This standard pickle recipe can be adapted by changing up the spices, herbs or vinegar to suit your tastes or even by swapping out cucumbers for other vegetables like zucchini, chillies, onions, fennel or carrots. The basic ratio to start with is 2C water: 1C vinegar: 2tbsp salt: 1tbsp sugar. We love hot green chillies pickled as a condiment for pizza, eggs and chilli or red onions on charcuterie boards and almost any sandwich to give it a sweet & sour crunch. Stored in an airtight jar in the fridge, pickles will keep for up to a month.

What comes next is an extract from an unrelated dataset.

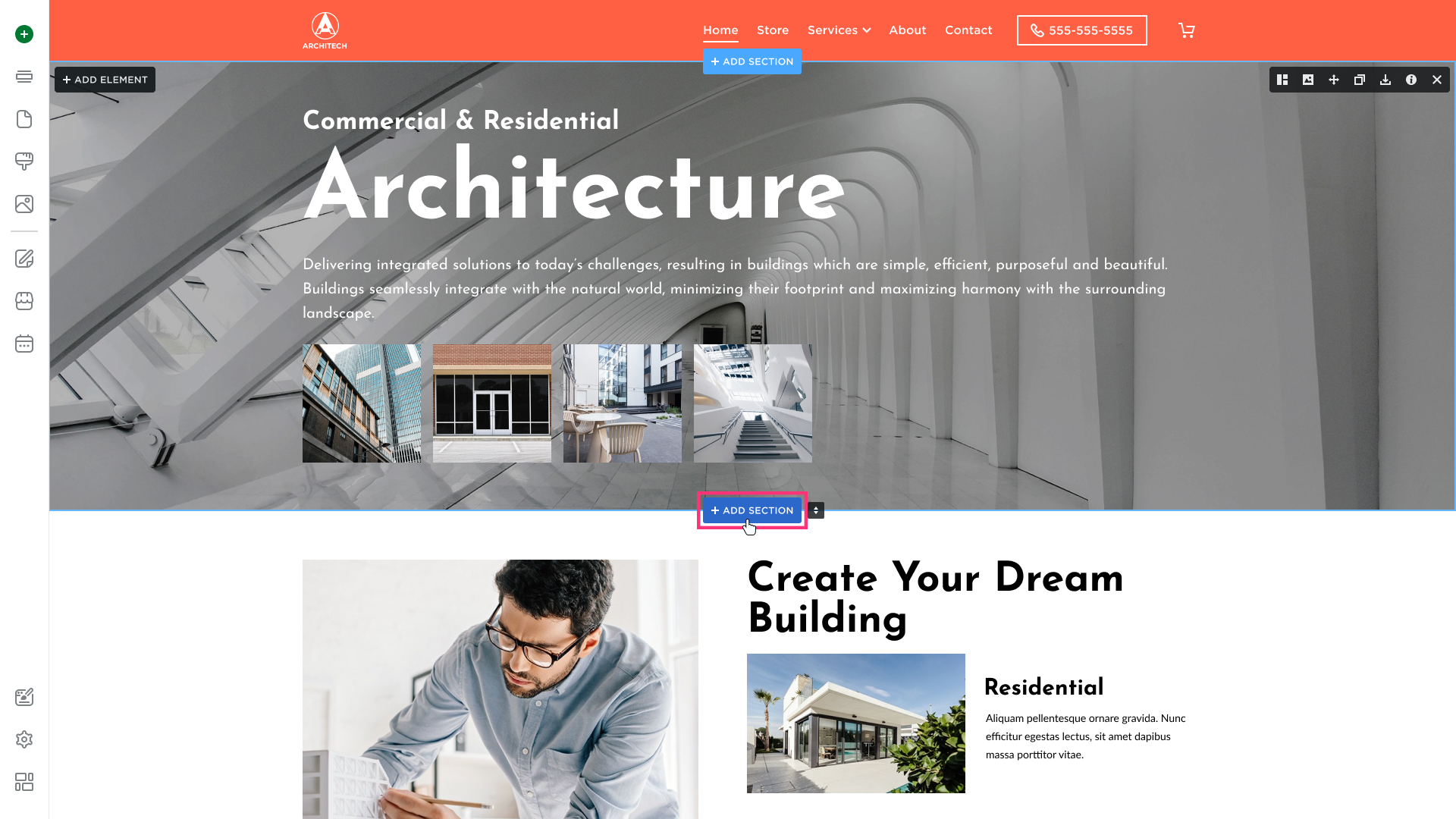 - The new section will immediately appear in the selected area. You can edit and add new elements to it to suit your needs.

- 2 Kirby Cucumbers, thinly sliced
- 2 cloves garlic, crushed
- 3 dill sprigs
- 2 C water
- 1 C white vinegar
- 2 tbsp kosher salt
- 1 tbsp sugar
- 1 tsp dill seeds
- 1 tsp black peppercorns
- ½ tsp crushed chilli flakes
- 32oz canning jar
Place the garlic and two sprigs of the dill in your jar. Pack the sliced cucumber in the jar.
Add all the remaining ingredients in a pot over high heat and bring to a boil, then remove from heat, stirring to ensure sugar is dissolved.
Pour the mixture into your jar through a fine mesh strainer to catch the spices. Discard the spices, let the jar cool, then cover and refrigerate.